Five Diagrams on the Epistemology of Space and Time

Nick Nielsen
4 min readAug 2, 2019

In addition to notebooks of text, I also keep notebooks of images. I have always tried to find graphical representations of ideas, exapting geometrical intuition for the purpose of better understanding — not only in terms of clarification of ideas, but also in terms of extending ideas. When an idea can be depicted graphically, the representation itself often suggests ways of extending an idea, as well as relations with other ideas. I was flipping through an old notebook of of sketches (from 2012) and I found the first three diagrams here, all formulated to distinguish concepts of space.

At the time I was working on a distinction between weak distinctions and strong distinctions (cf. Of Distinctions, Weak and Strong), and I realized that some concepts of space are strongly distinct while some concepts of space are only weakly distinct. As a result of increasing formal rigor on the one hand, and, on the other hand, increasing precision in empirical science, it became necessary to make a distinction between pure geometry and empirical geometry, i.e., between an abstract theory of space and the actual properties of physical space. Abstract theories of space run the gamut from simple to incomprehensible, but actual physical space has a unique structure, which means that some one abstract theory of space may describe actual space, but all of the other abstract theories of space are no less legitimate as theoretical constructions. In any case, and whatever terms we use to make the distinction, pure geometry and empirical geometry, once we understand them, are strongly distinct, but they lie at opposite ends of a continuum, and between the two are concepts of space from which each is only weakly distinct.
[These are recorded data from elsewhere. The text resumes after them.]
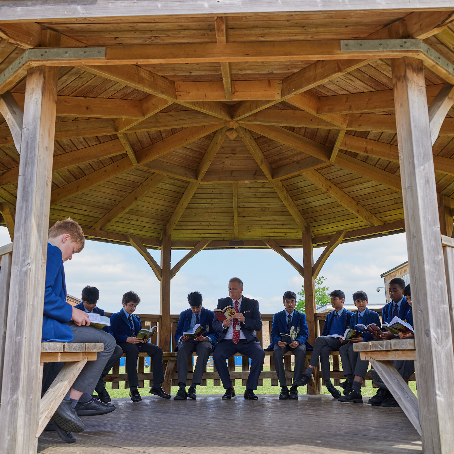 Boys reading in an outside classroom
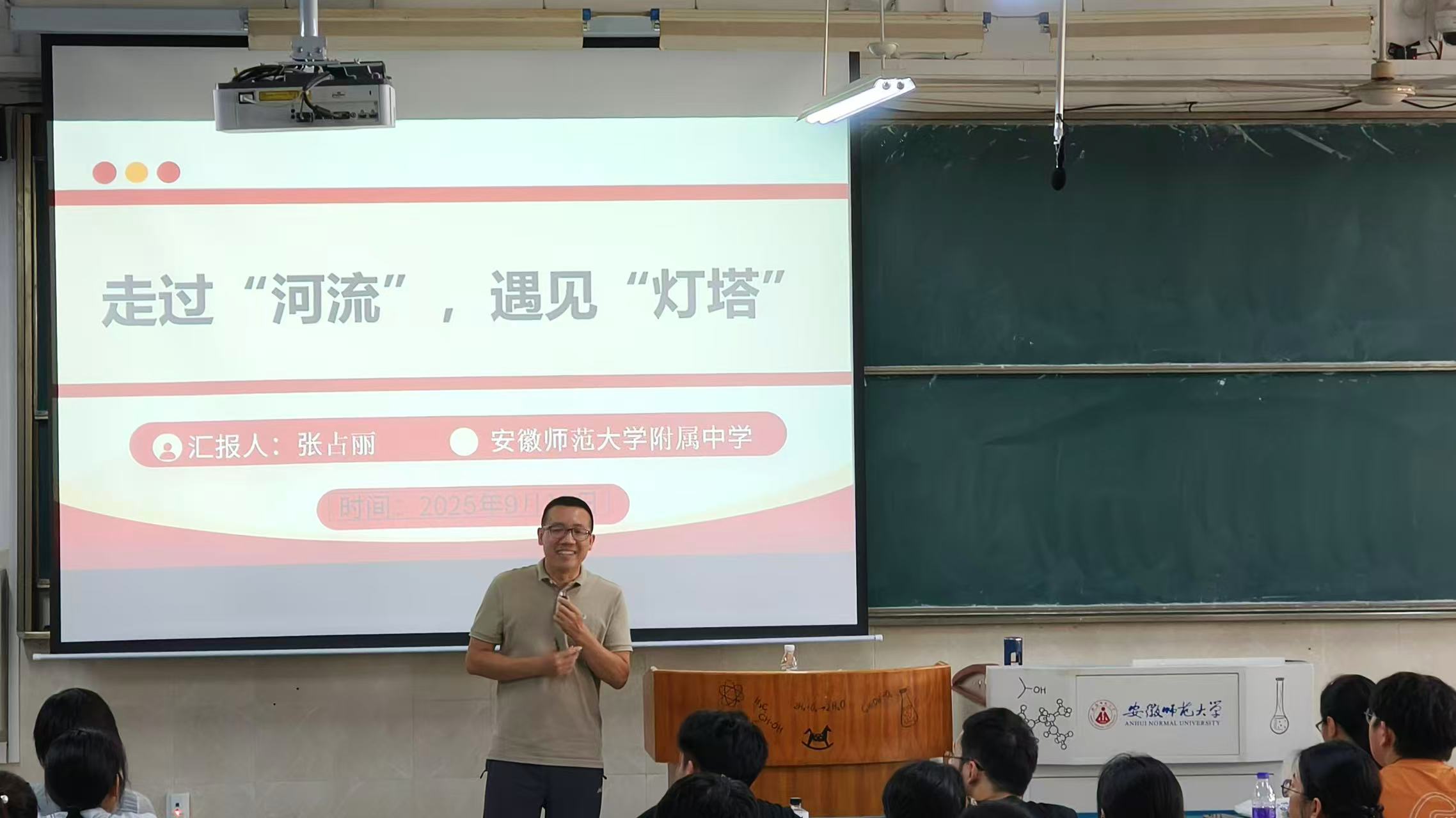 9 月 16 日下午,安徽师范大学附属中学张占丽老师在行知楼 2010502 教室,以 “走过‘河流’,遇见‘灯塔’—— 班级管理漫谈” 为题开讲。张老师以 “班主任是学生成长路上的‘灯塔’” 为核心,结合大量真实班级管理案例,生动诠释了班主任工作的价值与挑战。他指出,教育心理学是班级管理的 “理论基石”,班主任需精准 “看见” 不同层次学生的需求 —— 既要关注成绩优异生的进阶诉求、中等生的突破渴望,也要重视后进生的转变期待,结合学生家庭背景与学习基础,秉持 “接受不可改变的,改变可以改变的” 理念开展个性化管理。针对 “如何激发学生内驱力” 这一关键问题,张老师深入剖析学生行为背后的动机,分享可落地的激励路径;最后还围绕班级文化建设提出建议,强调良好的班级精神能潜移默化凝聚向心力,助力学生全面发展。整场报告既有理论高度,又有实践温度,让师范生深刻认识到班级管理在教育工作中的重要性,为未来成为 “懂管理、会育人” 的化学教师提供了可借鉴的实践范式。
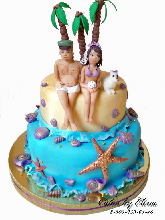 Торты свадебныеНу в общем что получилось, то получилось... 5300 гр низ "черный лес", верх - холодный чизкейк. Требований к дизайну было предостаточно - парочка в купальниках и с собачкой, он - военный, с животиком, она- стройная брюнетка, ракушки фиолетового цвета - цвет платья невесты) Фигурки пока у меня плохо получаются, да и лепила в сокращенном режиме времени, заказ был за два дня... Заказчики остались довольны, я как всегда - не очень...

My idea sketches are often left incomplete, as in the above case, but the reader can easily fill in the presumptive content for the squares on the left, which would mirror the content of the squares on the right, but emphasizing the methodological sequence of Platonism (essentially deductive), beginning with principles and working toward facts, in contradistinction to the methodological sequence of naturalism or empiricism (essentially inductive), beginning with facts and working toward principles. This illustration should make plain the methodological implications of concepts sequenced along a continuum, with the end points anchored by strongly distinct polar opposites and the mid points representing greater or lesser proximity to one pole or the other, and being only weakly distinct from each other, and therefore offering a methodological bridge between concepts. Also note how working through a continuum of concepts according to one methodological implies the possibility of working through the same concepts coming from the opposite methodological direction.

When I looked at these illustrations of concepts from space from 2012 I was surprised that I didn’t take the time to sketch out the parallel temporal concepts following the same principles, so I did so several years after the fact. Once I had translated the spatial into the temporal in the above diagram, I realized that the concepts that populate the region of mind overlap with the concepts that populate the region of the world, and that this gives us a simple Venn diagram in which perceptual space or time is the point of overlap between concepts of space and time primarily inherent in mind and facts of space and time ascribed the to world (definable and quantifiable without reference to mind, but unambiguously entering into perceptions, and, through perceptions, entering into the mind of any perceiving subject). And while I could easily write a commentary on these diagrams that would run to volumes, it might actually be more interesting for the reader to study the diagrams and see if they take away anything interesting from these attempts to diagram ideas of space and time.